« La guerre russe en Ukraine est entrée dans une nouvelle phase, militaire, idéologique et géopolitique »
La stratégie de Moscou en
Ukraine marque un tournant. Les négociations sont dans l’impasse,
l’offensive militaire se concentre sur le Donbass et le Sud-Est. L’acte II
de la guerre s’annonce plus dur encore et les Européens n’ont d’autre choix que
de s’y impliquer davantage, observe dans sa chronique Sylvie Kauffmann,
éditorialiste au « Monde ».
Chronique. Au moins, les choses sont claires.

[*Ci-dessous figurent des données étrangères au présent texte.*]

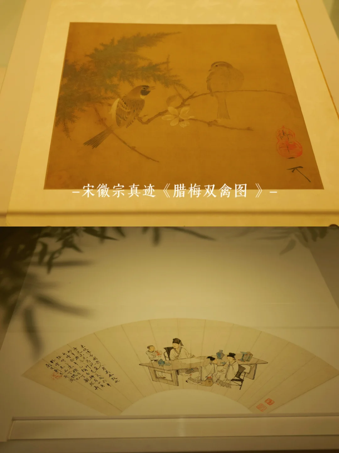 1️⃣宋赵佶腊梅双禽图:川博镇馆之宝之一,宋徽宗传世之作,上面的山雀🐦用生漆点睛,漆点会高出纸面,有立体感,下面的落款“天下一人”,上下两横是“天”字的两横,同时下面那一横又是“下”字的横画,最后以“人”字连接,形成“天”字与反写的“下”字,“天”、“下”、“人”三字连读,即是“天下一人”。
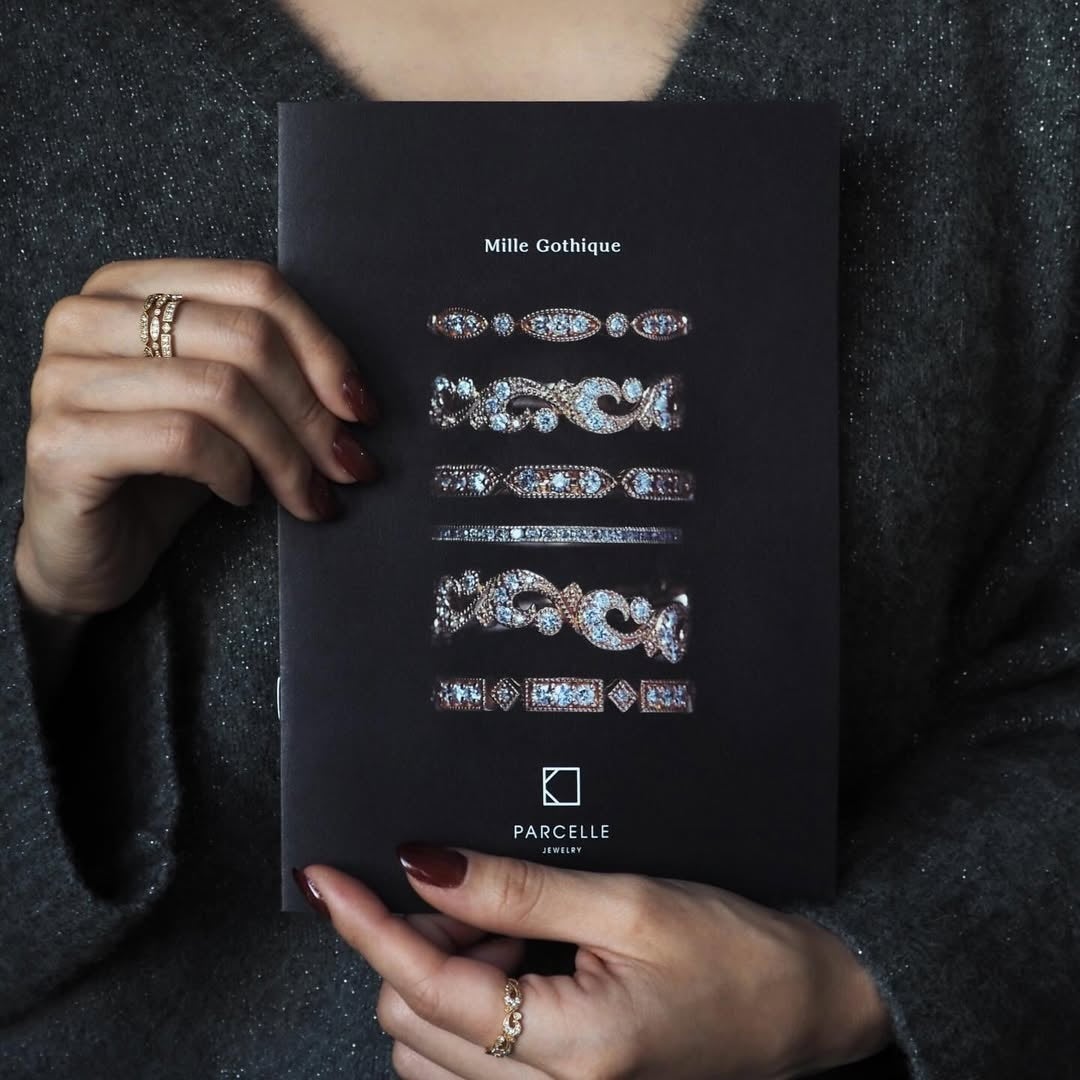 「Mille Gothique(ミルゴシック)」は、ゴシック建築を思わせる意匠と、アール・デコ期の美意識を継承した、パーセル ジュエリーを代表するシリーズのひとつです。細やかな手打ちによるミルが生み出す煌めきと陰影がダイヤモンドを引き立て、静謐な美しさをたたえております。
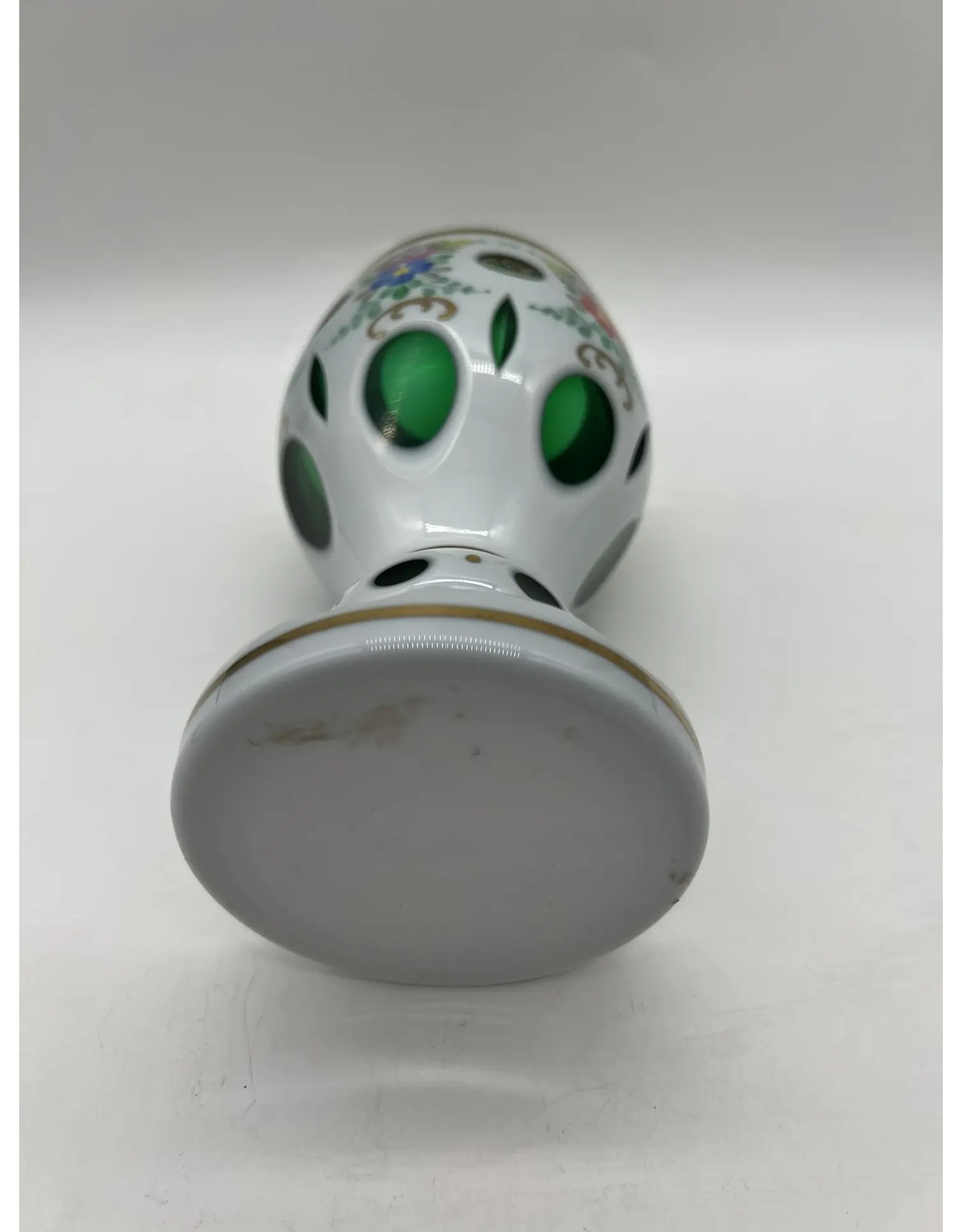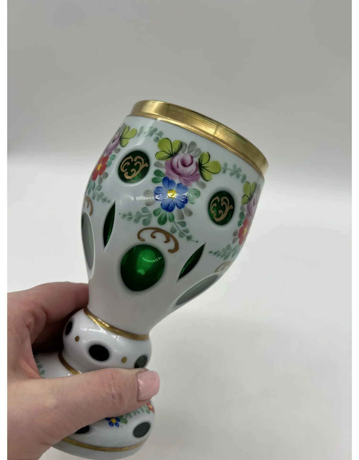 Изысканная винтажная ваза — воплощение традиций богемского стеклоделия. Изделие сочетает техническую сложность исполнения и утончённый дизайн, характерный для классических образцов Богемии.
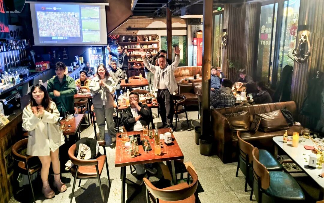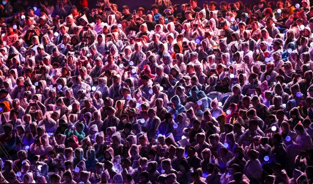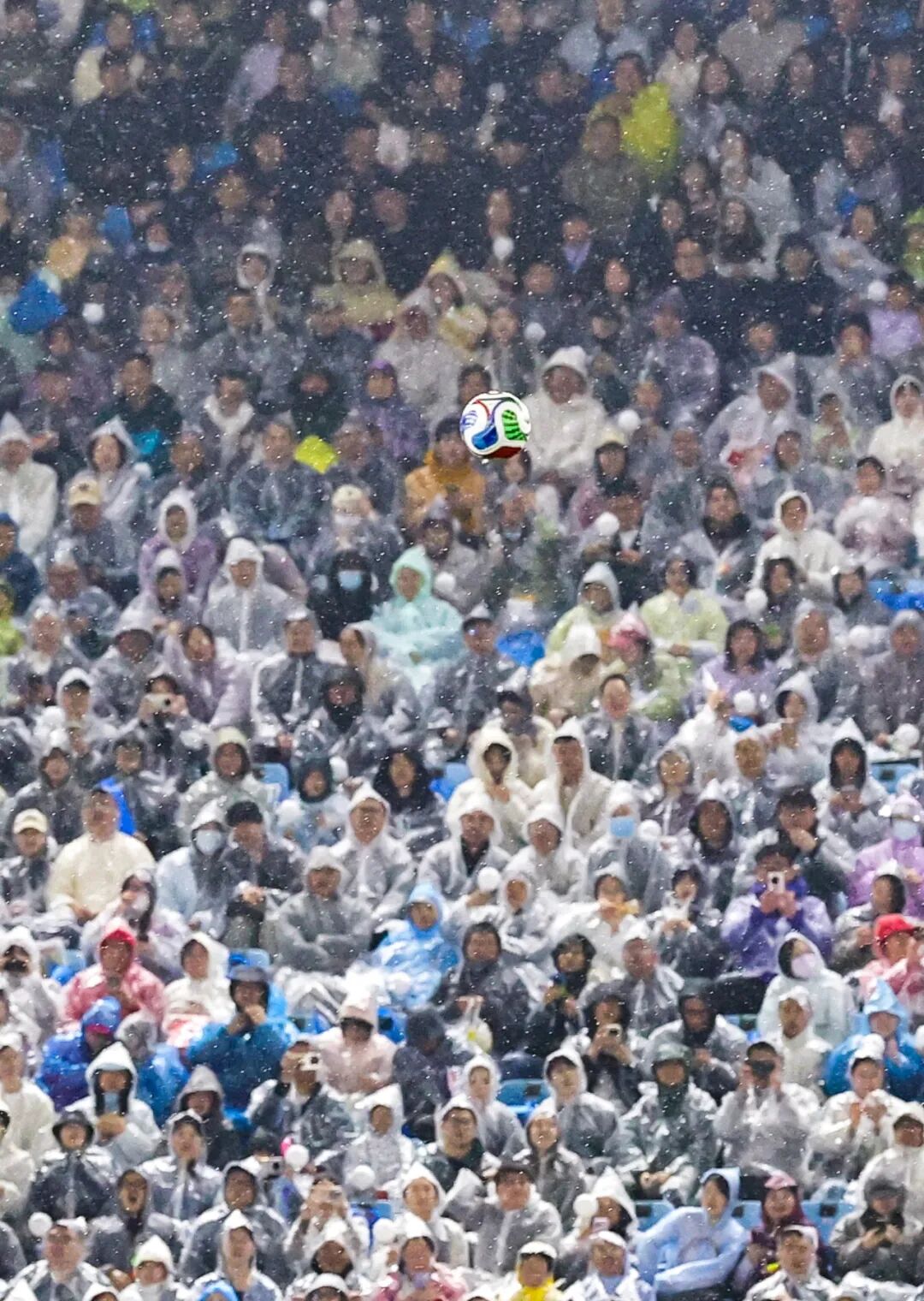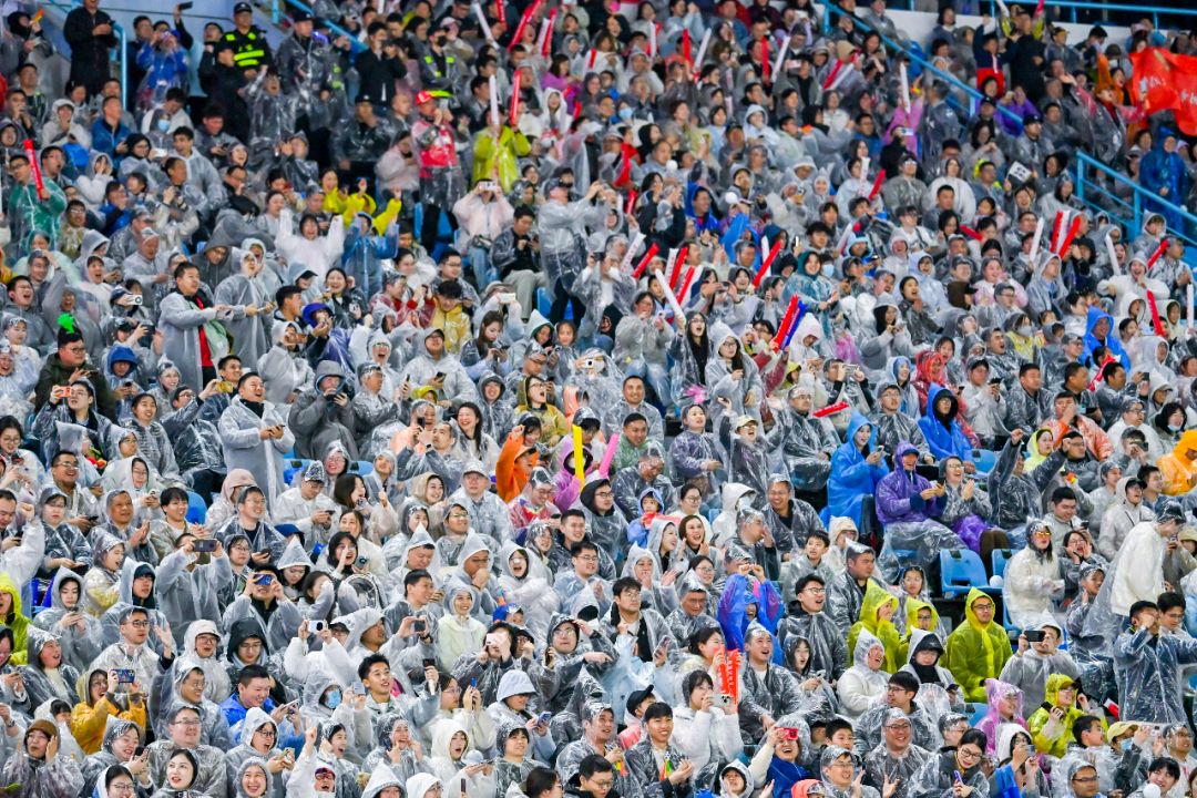全民观赛:城市广场设置“第二现场”,无数市民冒雨观赛,为家乡球队加油,全城沉浸在足球欢乐中。
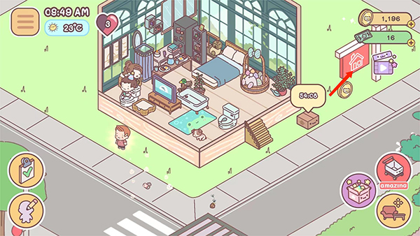 值得一提的是,屋内温馨满满,屋外的背景也不是摆设,Pocket Love的游戏内容不仅限于房间内,街边偶尔会刷新小老鼠、纸屑、苍蝇等物件,玩家只需要通过点击进行清除,就可以获得相应的金币奖励。同时,偶尔路过的NPC还会向玩家询问是否要出售家具、是否需要接受推销等玩法,很真实地丰富了屋外的世界,给玩家营造了一个非常温馨舒适的氛围。如果你也喜欢装扮自己的角色、喜欢打扮温馨的小家,那么请一定不要轻易错过Pocket Love这款游戏了。
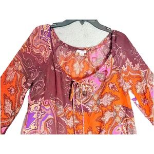 Exhilaration Boho Pink Orange Paisley Med Dress
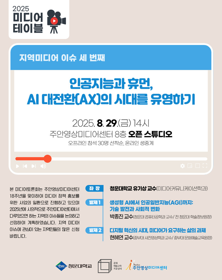 이번 토론회는 인공지능 기술의 비약적 발전 속에서 인간과 미디어의 관계를 재조명하고, 지역 사회가 함께 준비해야 할 미래 방향을 모색하고자 마련됐다.

A son tour, le chancelier autrichien,
Karl Nehammer, a fait le voyage à Moscou, lundi 11 avril, dans l’espoir
que, représentant un pays non membre de l’OTAN, il pourrait arracher quelque
chose, un cessez-le-feu, une concession peut-être, à Vladimir Poutine dans sa
guerre contre l’Ukraine. Lui aussi s’est cassé les dents. Cela « n’a
pas été une visite amicale », a-t-il reconnu sur le chemin du
retour. Cet entretien, « dur », avec un
président russe « massivement pénétré d’une logique de
guerre » l’a rendu « plutôt pessimiste ».
Il y a
de quoi. Les crimes de guerre commis par l’armée russe dans les environs de
Kiev ont marqué un tournant. Même le président français Emmanuel Macron, adepte
du maintien du fil du dialogue avec M. Poutine envers et contre tout, ne
lui a plus parlé depuis le 29 mars. Mais surtout, sept semaines après son
déclenchement, la guerre russe en Ukraine est entrée dans une nouvelle phase, militaire,
idéologique et géopolitique. Et l’acte II de ce drame européen s’annonce
plus dur encore.
Nouvelle phase militaire
Après l’échec du scénario initial de
l’opération éclair qui visait à renverser le pouvoir à Kiev et à prendre le
contrôle du pays, Moscou a modifié sa stratégie. Les forces russes qui devaient
prendre Kiev, mises en échec par la résistance ukrainienne, se sont repliées.
Le Kremlin veut éviter l’enlisement dans une guérilla sur un territoire trop
vaste et rebelle.
L’action est à présent concentrée sur l’Est
et le Sud-Est, plus proches des bases de la Russie. Pilonnée depuis des
semaines, Marioupol est sur le point de tomber. L’armée russe prépare une
offensive sur l’ensemble du Donbass ; elle va y affronter les troupes
ukrainiennes les plus aguerries et les mieux équipées. Vladimir Poutine,
expliquent ses thuriféraires à Moscou, a besoin d’une victoire pour sa parade
du 9 mai, célébration traditionnellement grandiose de la victoire de la
« grande guerre patriotique » : un trophée ukrainien de l’« opération
militaire spéciale » arriverait à point nommé. Mardi, le
président russe a estimé que les négociations avec l’Ukraine étaient « dans
l’impasse » ; « l’opération sera donc menée à son terme ».